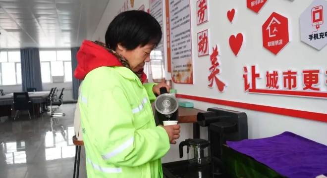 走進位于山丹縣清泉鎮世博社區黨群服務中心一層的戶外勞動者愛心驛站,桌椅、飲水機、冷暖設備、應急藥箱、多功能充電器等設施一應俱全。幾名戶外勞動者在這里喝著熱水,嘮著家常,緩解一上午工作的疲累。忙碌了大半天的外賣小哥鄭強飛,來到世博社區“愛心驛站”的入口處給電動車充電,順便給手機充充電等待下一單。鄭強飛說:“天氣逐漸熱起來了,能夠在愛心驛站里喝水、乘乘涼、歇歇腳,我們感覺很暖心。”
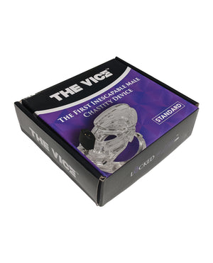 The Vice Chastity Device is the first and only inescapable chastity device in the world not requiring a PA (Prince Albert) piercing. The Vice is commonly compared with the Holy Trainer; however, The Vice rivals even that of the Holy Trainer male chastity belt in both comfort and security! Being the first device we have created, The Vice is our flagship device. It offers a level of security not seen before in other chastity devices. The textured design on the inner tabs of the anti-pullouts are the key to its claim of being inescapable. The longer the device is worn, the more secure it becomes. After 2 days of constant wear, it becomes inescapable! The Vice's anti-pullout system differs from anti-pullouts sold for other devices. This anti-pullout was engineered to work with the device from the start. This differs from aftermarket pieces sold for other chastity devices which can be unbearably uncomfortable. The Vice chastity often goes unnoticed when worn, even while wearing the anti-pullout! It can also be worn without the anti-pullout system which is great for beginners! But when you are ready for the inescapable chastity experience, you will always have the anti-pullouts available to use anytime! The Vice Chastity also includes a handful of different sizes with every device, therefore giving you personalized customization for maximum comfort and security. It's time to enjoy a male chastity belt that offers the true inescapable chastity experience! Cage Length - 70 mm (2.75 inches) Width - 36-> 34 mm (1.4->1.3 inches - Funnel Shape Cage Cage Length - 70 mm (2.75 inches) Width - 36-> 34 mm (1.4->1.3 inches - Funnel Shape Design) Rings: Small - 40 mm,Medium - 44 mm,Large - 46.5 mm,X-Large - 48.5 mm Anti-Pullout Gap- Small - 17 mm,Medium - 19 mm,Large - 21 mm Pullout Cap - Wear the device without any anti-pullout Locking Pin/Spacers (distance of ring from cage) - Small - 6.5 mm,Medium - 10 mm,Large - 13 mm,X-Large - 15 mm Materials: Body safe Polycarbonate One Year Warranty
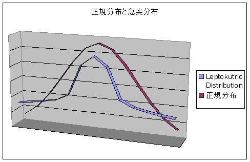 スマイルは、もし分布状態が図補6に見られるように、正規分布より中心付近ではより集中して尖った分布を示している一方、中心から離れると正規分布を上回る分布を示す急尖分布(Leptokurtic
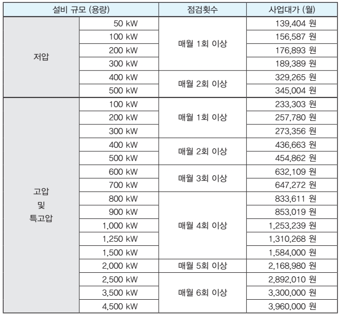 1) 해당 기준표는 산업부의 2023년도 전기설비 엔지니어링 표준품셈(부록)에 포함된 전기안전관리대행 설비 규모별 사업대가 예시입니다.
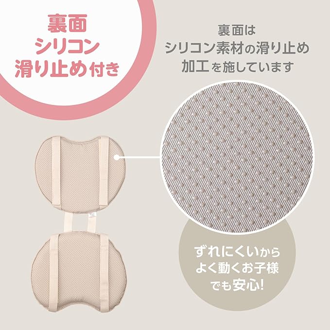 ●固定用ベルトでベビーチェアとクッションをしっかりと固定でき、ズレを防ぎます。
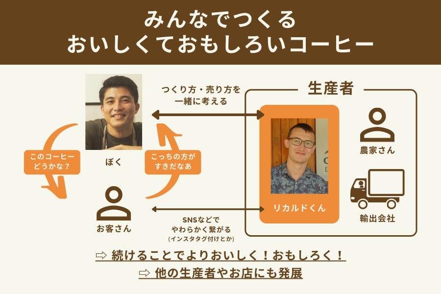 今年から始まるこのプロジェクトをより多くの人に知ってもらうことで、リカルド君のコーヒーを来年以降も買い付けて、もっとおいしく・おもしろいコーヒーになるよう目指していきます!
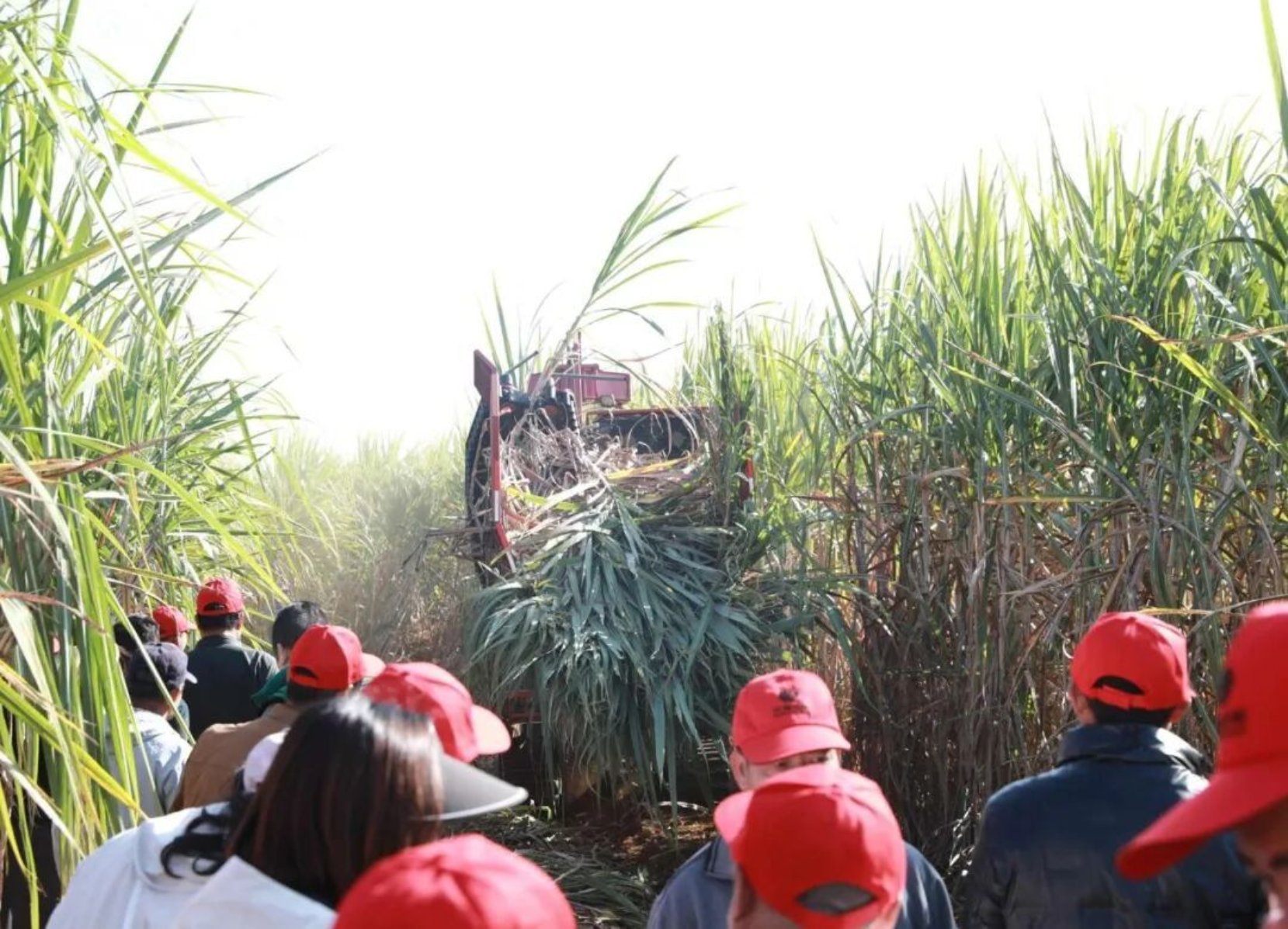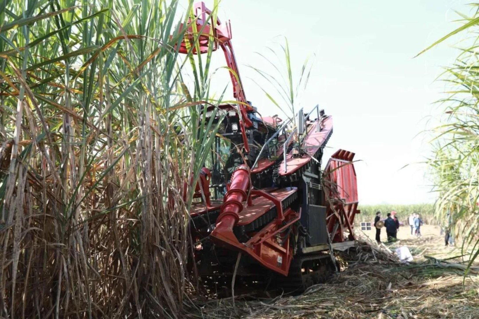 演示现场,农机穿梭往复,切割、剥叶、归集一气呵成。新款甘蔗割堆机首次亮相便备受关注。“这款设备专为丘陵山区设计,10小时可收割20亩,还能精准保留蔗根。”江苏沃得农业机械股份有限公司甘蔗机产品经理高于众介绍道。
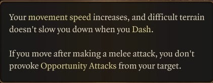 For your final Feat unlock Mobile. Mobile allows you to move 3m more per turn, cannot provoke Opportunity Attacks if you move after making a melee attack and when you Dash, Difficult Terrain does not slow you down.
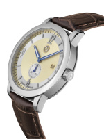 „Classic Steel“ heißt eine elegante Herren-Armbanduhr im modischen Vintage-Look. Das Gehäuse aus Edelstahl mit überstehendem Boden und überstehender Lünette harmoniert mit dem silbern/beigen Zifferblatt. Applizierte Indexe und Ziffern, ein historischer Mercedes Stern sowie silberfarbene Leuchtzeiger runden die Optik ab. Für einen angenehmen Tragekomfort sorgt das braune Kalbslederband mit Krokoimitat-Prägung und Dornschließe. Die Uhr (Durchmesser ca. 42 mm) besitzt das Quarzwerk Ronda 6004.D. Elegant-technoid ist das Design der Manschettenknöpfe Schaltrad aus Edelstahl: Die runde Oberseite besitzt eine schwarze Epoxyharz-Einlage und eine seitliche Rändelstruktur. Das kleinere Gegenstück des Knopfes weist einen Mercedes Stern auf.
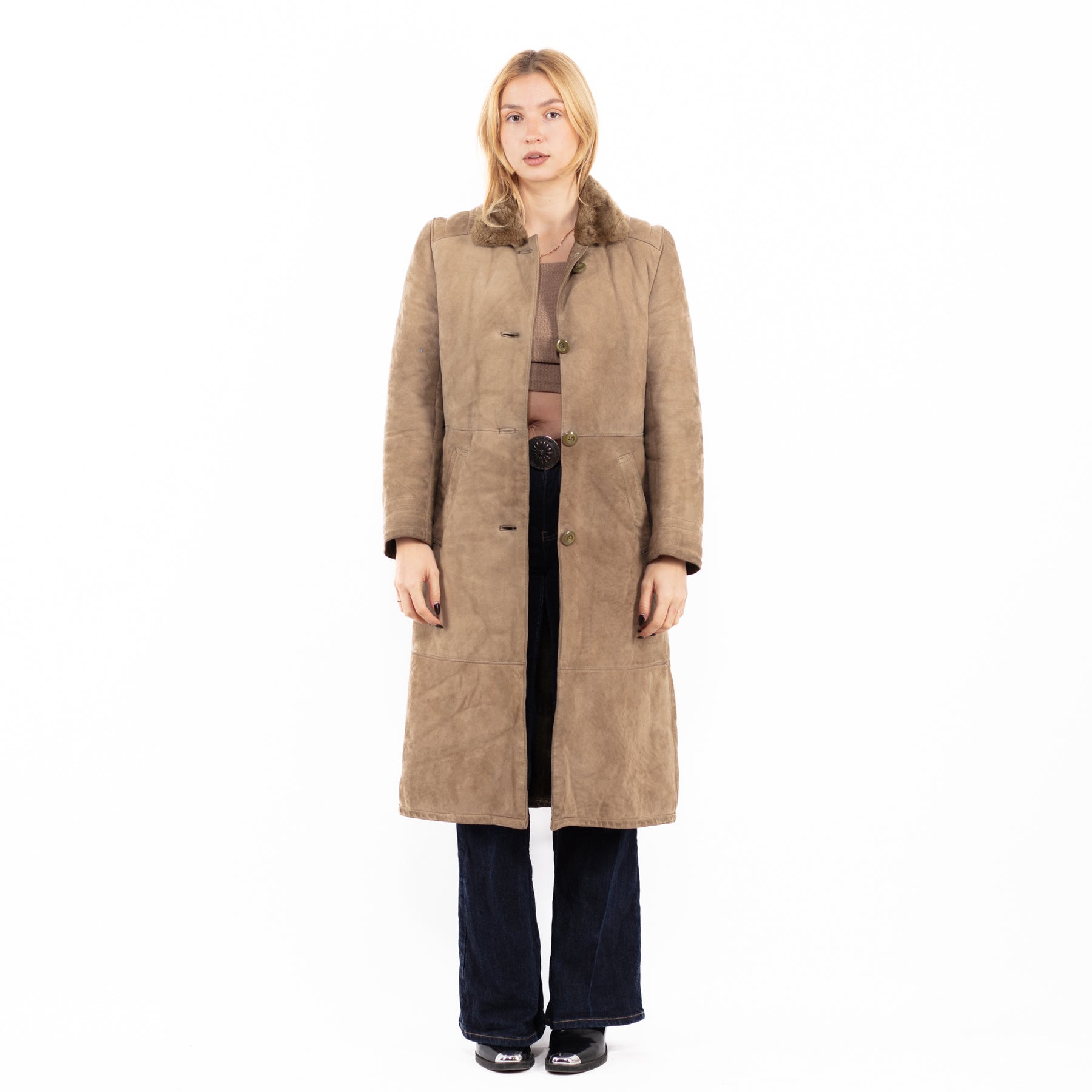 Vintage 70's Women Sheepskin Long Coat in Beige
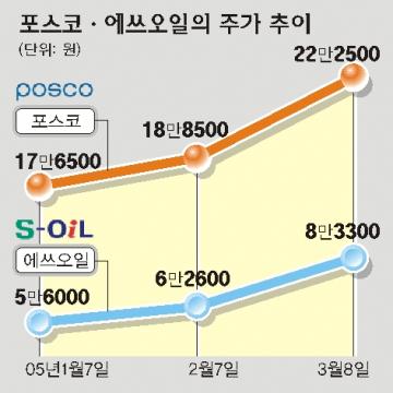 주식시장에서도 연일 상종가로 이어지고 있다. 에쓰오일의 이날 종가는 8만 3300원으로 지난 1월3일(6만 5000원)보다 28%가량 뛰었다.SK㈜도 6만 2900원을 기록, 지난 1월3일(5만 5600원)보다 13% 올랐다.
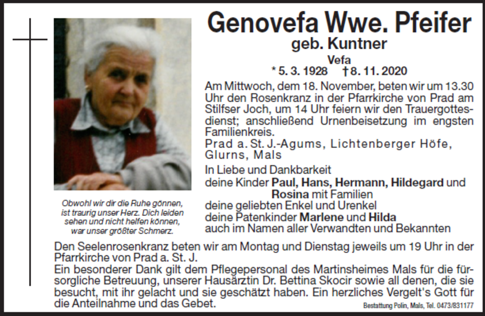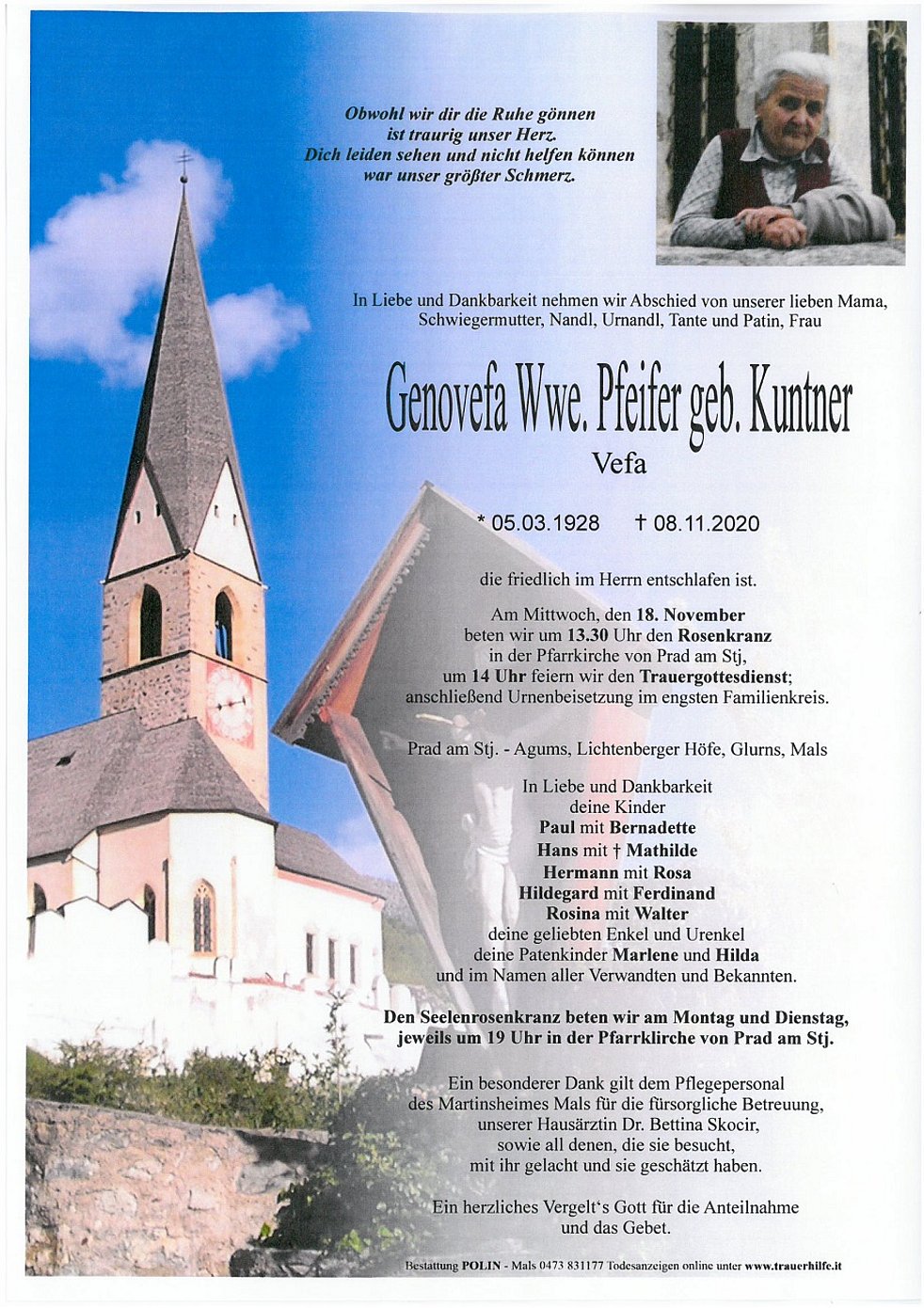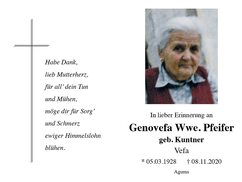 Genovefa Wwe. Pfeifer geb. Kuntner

- - - - - - -

Reproduce all the records verbatim, excluding images.

 走進位于山丹縣清泉鎮世博社區黨群服務中心一層的戶外勞動者愛心驛站,桌椅、飲水機、冷暖設備、應急藥箱、多功能充電器等設施一應俱全。幾名戶外勞動者在這里喝著熱水,嘮著家常,緩解一上午工作的疲累。忙碌了大半天的外賣小哥鄭強飛,來到世博社區“愛心驛站”的入口處給電動車充電,順便給手機充充電等待下一單。鄭強飛說:“天氣逐漸熱起來了,能夠在愛心驛站里喝水、乘乘涼、歇歇腳,我們感覺很暖心。”
 The Vice Chastity Device is the first and only inescapable chastity device in the world not requiring a PA (Prince Albert) piercing. The Vice is commonly compared with the Holy Trainer; however, The Vice rivals even that of the Holy Trainer male chastity belt in both comfort and security! Being the first device we have created, The Vice is our flagship device. It offers a level of security not seen before in other chastity devices. The textured design on the inner tabs of the anti-pullouts are the key to its claim of being inescapable. The longer the device is worn, the more secure it becomes. After 2 days of constant wear, it becomes inescapable! The Vice's anti-pullout system differs from anti-pullouts sold for other devices. This anti-pullout was engineered to work with the device from the start. This differs from aftermarket pieces sold for other chastity devices which can be unbearably uncomfortable. The Vice chastity often goes unnoticed when worn, even while wearing the anti-pullout! It can also be worn without the anti-pullout system which is great for beginners! But when you are ready for the inescapable chastity experience, you will always have the anti-pullouts available to use anytime! The Vice Chastity also includes a handful of different sizes with every device, therefore giving you personalized customization for maximum comfort and security. It's time to enjoy a male chastity belt that offers the true inescapable chastity experience! Cage Length - 70 mm (2.75 inches) Width - 36-> 34 mm (1.4->1.3 inches - Funnel Shape Cage Cage Length - 70 mm (2.75 inches) Width - 36-> 34 mm (1.4->1.3 inches - Funnel Shape Design) Rings: Small - 40 mm,Medium - 44 mm,Large - 46.5 mm,X-Large - 48.5 mm Anti-Pullout Gap- Small - 17 mm,Medium - 19 mm,Large - 21 mm Pullout Cap - Wear the device without any anti-pullout Locking Pin/Spacers (distance of ring from cage) - Small - 6.5 mm,Medium - 10 mm,Large - 13 mm,X-Large - 15 mm Materials: Body safe Polycarbonate One Year Warranty
 スマイルは、もし分布状態が図補6に見られるように、正規分布より中心付近ではより集中して尖った分布を示している一方、中心から離れると正規分布を上回る分布を示す急尖分布(Leptokurtic
 1) 해당 기준표는 산업부의 2023년도 전기설비 엔지니어링 표준품셈(부록)에 포함된 전기안전관리대행 설비 규모별 사업대가 예시입니다.
 ●固定用ベルトでベビーチェアとクッションをしっかりと固定でき、ズレを防ぎます。
 今年から始まるこのプロジェクトをより多くの人に知ってもらうことで、リカルド君のコーヒーを来年以降も買い付けて、もっとおいしく・おもしろいコーヒーになるよう目指していきます!
 演示现场,农机穿梭往复,切割、剥叶、归集一气呵成。新款甘蔗割堆机首次亮相便备受关注。“这款设备专为丘陵山区设计,10小时可收割20亩,还能精准保留蔗根。”江苏沃得农业机械股份有限公司甘蔗机产品经理高于众介绍道。
 For your final Feat unlock Mobile. Mobile allows you to move 3m more per turn, cannot provoke Opportunity Attacks if you move after making a melee attack and when you Dash, Difficult Terrain does not slow you down.
 „Classic Steel“ heißt eine elegante Herren-Armbanduhr im modischen Vintage-Look. Das Gehäuse aus Edelstahl mit überstehendem Boden und überstehender Lünette harmoniert mit dem silbern/beigen Zifferblatt. Applizierte Indexe und Ziffern, ein historischer Mercedes Stern sowie silberfarbene Leuchtzeiger runden die Optik ab. Für einen angenehmen Tragekomfort sorgt das braune Kalbslederband mit Krokoimitat-Prägung und Dornschließe. Die Uhr (Durchmesser ca. 42 mm) besitzt das Quarzwerk Ronda 6004.D. Elegant-technoid ist das Design der Manschettenknöpfe Schaltrad aus Edelstahl: Die runde Oberseite besitzt eine schwarze Epoxyharz-Einlage und eine seitliche Rändelstruktur. Das kleinere Gegenstück des Knopfes weist einen Mercedes Stern auf.
 Vintage 70's Women Sheepskin Long Coat in Beige
 주식시장에서도 연일 상종가로 이어지고 있다. 에쓰오일의 이날 종가는 8만 3300원으로 지난 1월3일(6만 5000원)보다 28%가량 뛰었다.SK㈜도 6만 2900원을 기록, 지난 1월3일(5만 5600원)보다 13% 올랐다.
 Genovefa Wwe. Pfeifer geb. Kuntner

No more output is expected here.